Johnson & Johnson (J&J), a company based in New Brunswick, N.J., which produces products such as baby shampoo and pain relievers, needed employees to be able to share documents without using shared public drives or email, which can pose version control issues and data security problems. J&J turned to the cloud-based Office 365, which includes SharePoint Online and OneDrive for Business, to enable workers to save and share documents whether they are in the office or on the road.

While many companies are skeptical about or only incrementally moving to the cloud, J&J is heading full bore there for 150,000 users by the end of 2015. Companies like J&J need the flexibility that the cloud offers by centralizing documents while ensuring safe data through two-factor identity authentication for users. Office 365 made sense for J&J not only for dispersed teams, but also to accommodate the expectations of younger workers, said Thomas Mansmann, IT lead at J&J.
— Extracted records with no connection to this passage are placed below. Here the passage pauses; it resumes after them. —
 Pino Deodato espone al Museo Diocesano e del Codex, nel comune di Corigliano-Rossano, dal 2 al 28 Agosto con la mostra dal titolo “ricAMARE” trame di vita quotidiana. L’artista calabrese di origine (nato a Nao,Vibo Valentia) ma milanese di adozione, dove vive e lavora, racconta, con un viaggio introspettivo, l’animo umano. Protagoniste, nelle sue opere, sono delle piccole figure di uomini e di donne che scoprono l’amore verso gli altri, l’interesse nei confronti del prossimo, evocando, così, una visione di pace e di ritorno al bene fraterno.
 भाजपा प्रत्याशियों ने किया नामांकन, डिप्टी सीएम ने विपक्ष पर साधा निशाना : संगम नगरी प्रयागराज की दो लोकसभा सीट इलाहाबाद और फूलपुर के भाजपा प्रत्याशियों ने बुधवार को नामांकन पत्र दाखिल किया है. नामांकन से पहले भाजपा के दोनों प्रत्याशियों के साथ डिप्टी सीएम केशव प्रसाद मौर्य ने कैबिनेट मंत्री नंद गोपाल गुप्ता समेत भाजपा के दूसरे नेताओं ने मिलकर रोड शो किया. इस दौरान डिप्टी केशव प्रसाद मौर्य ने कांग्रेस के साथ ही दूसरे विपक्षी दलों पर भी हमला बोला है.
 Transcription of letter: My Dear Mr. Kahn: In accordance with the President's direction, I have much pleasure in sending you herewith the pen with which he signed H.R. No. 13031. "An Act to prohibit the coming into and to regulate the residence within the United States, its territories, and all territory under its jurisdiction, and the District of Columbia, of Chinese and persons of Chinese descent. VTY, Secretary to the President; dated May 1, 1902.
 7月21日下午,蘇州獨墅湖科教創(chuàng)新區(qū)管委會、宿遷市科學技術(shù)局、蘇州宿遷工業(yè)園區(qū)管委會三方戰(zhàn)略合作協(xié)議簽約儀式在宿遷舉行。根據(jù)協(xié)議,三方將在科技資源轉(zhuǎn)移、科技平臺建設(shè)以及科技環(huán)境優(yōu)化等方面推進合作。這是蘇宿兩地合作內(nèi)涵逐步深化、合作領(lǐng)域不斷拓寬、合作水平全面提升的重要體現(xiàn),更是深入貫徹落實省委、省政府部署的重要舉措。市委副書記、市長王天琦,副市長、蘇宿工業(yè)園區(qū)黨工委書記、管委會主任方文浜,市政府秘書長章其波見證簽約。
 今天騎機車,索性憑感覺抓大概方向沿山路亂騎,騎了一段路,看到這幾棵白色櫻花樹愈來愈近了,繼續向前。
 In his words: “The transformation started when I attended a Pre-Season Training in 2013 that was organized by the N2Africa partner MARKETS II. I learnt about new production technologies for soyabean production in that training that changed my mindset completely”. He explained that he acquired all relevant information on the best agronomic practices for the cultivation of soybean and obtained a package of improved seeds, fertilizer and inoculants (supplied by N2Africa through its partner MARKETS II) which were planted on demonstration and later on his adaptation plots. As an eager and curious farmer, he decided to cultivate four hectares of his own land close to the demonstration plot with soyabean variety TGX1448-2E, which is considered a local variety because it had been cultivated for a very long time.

"Our senior IT leadership wants us to have the ability to access content from any device and any location," Mansmann said. "The next line of people coming into the corporation expect mobility ... and this sets this up for that."

Our senior IT leadership wants us to have the ability to access content from any device and any location.
Thomas MansmannIT lead, Johnson & Johnson

But while the cloud untethers workers from their desktops, there are risks without adequate preparation. Forget security; think licensing. Companies run the risk of paying too much for enterprise licenses for Office 365, or, alternatively, shortchanging workers on capabilities to save money. While the former scenario runs up costs, the latter can prevent workers from getting their work done. Mansmann said that J&J came to recognize this tradeoff only after trying to minimize costs.

While J&J originally wanted to reduce costs by giving users an E1 license, rather than the more costly E3 license, Mansmann said his team realized that saving money would only hamstring the 150,000 users it plans to have on SharePoint Online by the end of 2015.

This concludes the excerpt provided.